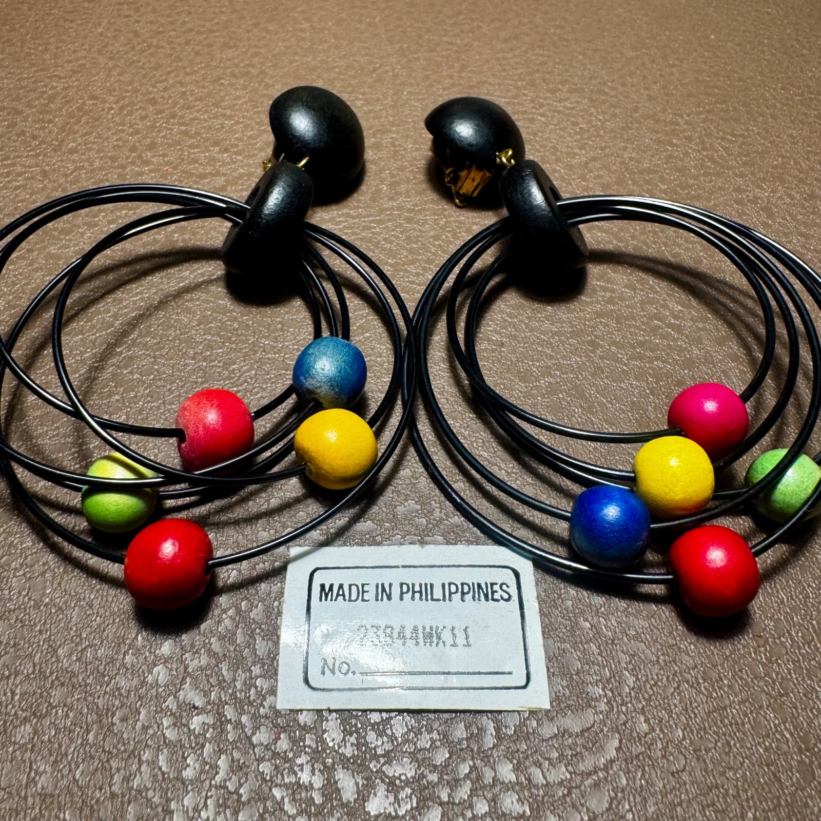 Ezek a retro klipszes fülbevalók az 1990-es években a Fülöp-szigeteken készültek, fa-, fém- és akryl-anyagok felhasználásával.
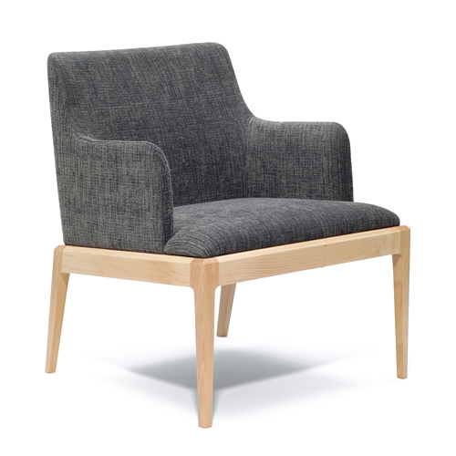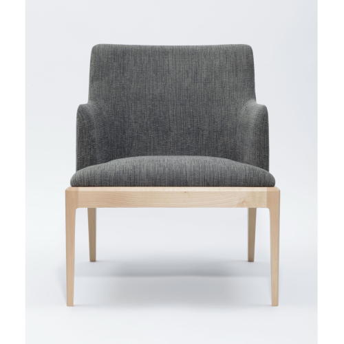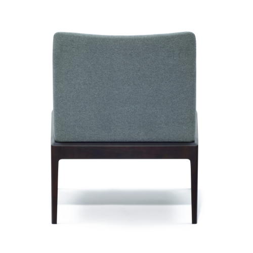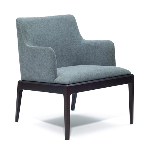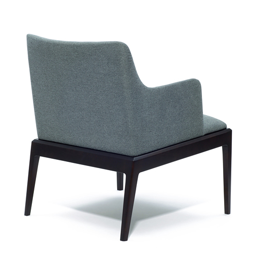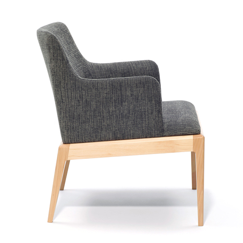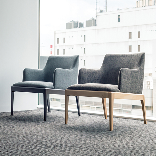 張地に包まれたシートとアームから連なるシートバックは穏やかなラインでソフトな掛け心地。
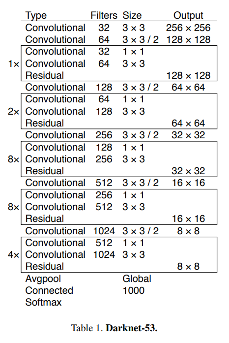 Yolo v3는 이름에서 알 수 있듯이 초기 Yolo Model에서 약간의 디자인의 변화를 준 모델이다. 320 x 320 yolo v3는 22ms 정도로 빠르며, SSD와 거의 정확도가 유사하다는 것을 장점으로 꼽고 있다.
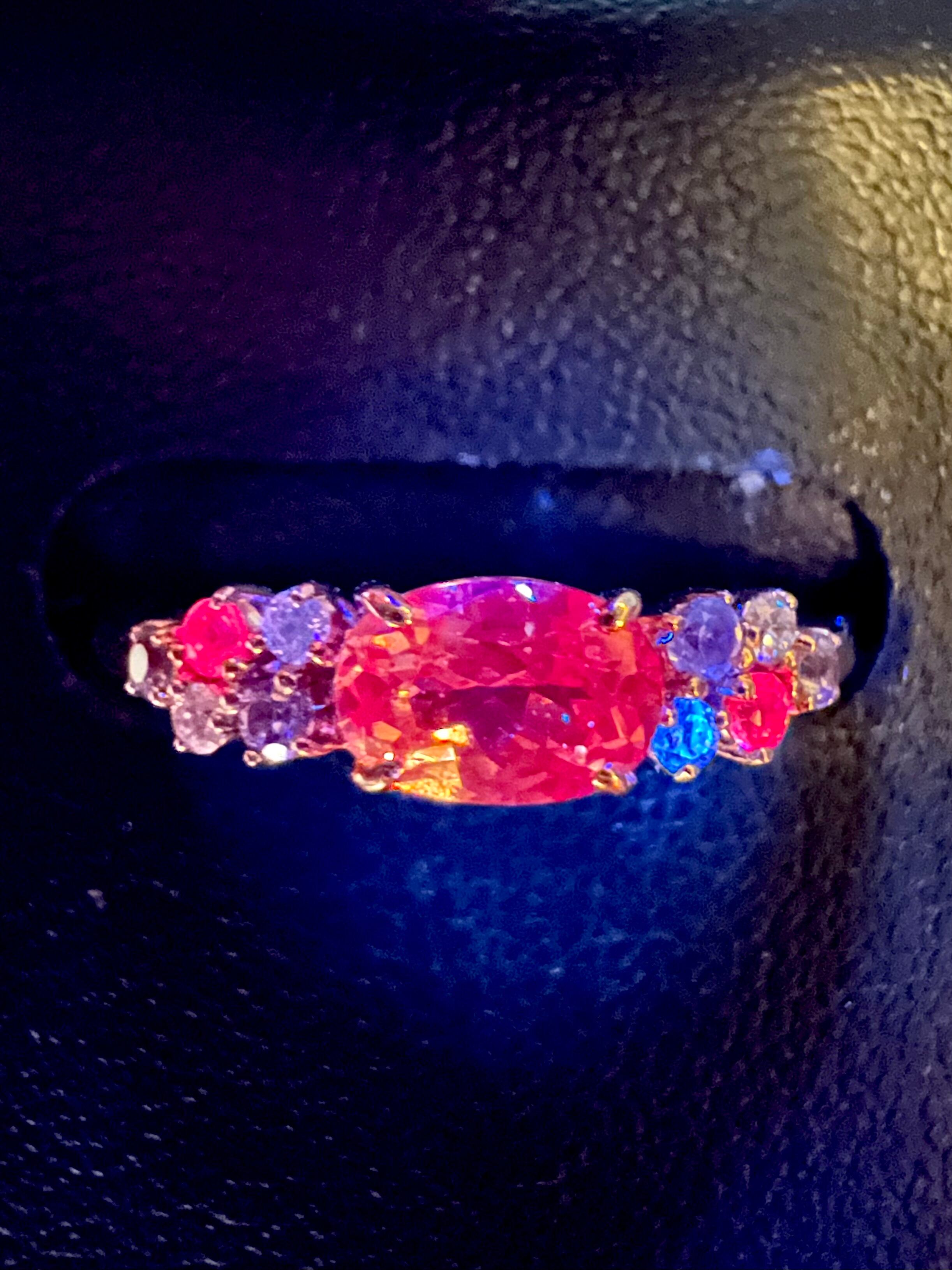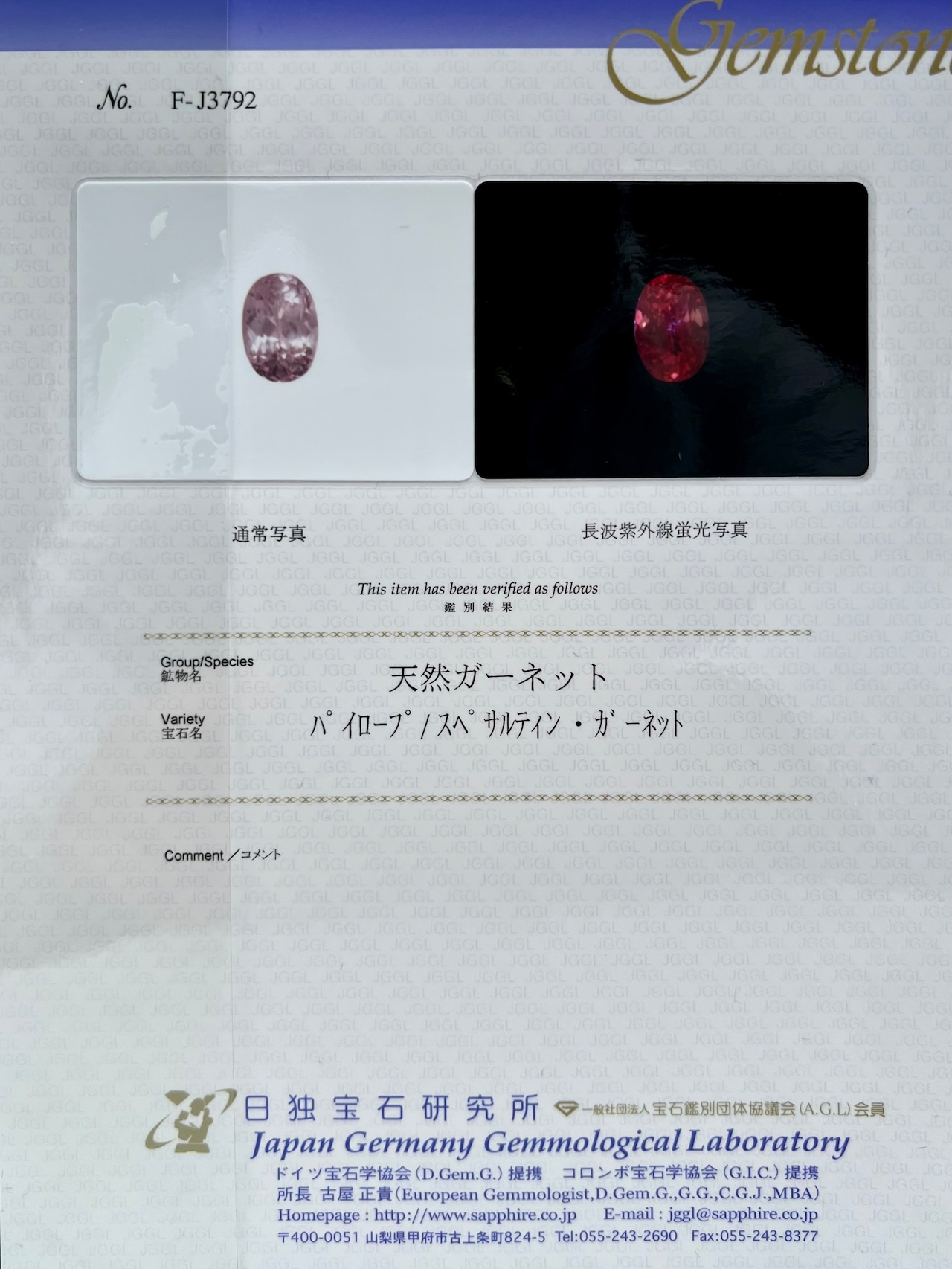 紫外線で蛍光する新しいガーネットでマラヤガーネットのような電球色でのカラーシフトに加え、蛍光も示すというとてもユニークなガーネットです。

What to produce » What you give back should be exactly the lines from the line holding "張地に包まれたシートとアーム" through the final line of the material, both ends included, and please leave out the pictures.

Result of this task »
 張地に包まれたシートとアームから連なるシートバックは穏やかなラインでソフトな掛け心地。
 Yolo v3는 이름에서 알 수 있듯이 초기 Yolo Model에서 약간의 디자인의 변화를 준 모델이다. 320 x 320 yolo v3는 22ms 정도로 빠르며, SSD와 거의 정확도가 유사하다는 것을 장점으로 꼽고 있다.
 紫外線で蛍光する新しいガーネットでマラヤガーネットのような電球色でのカラーシフトに加え、蛍光も示すというとてもユニークなガーネットです。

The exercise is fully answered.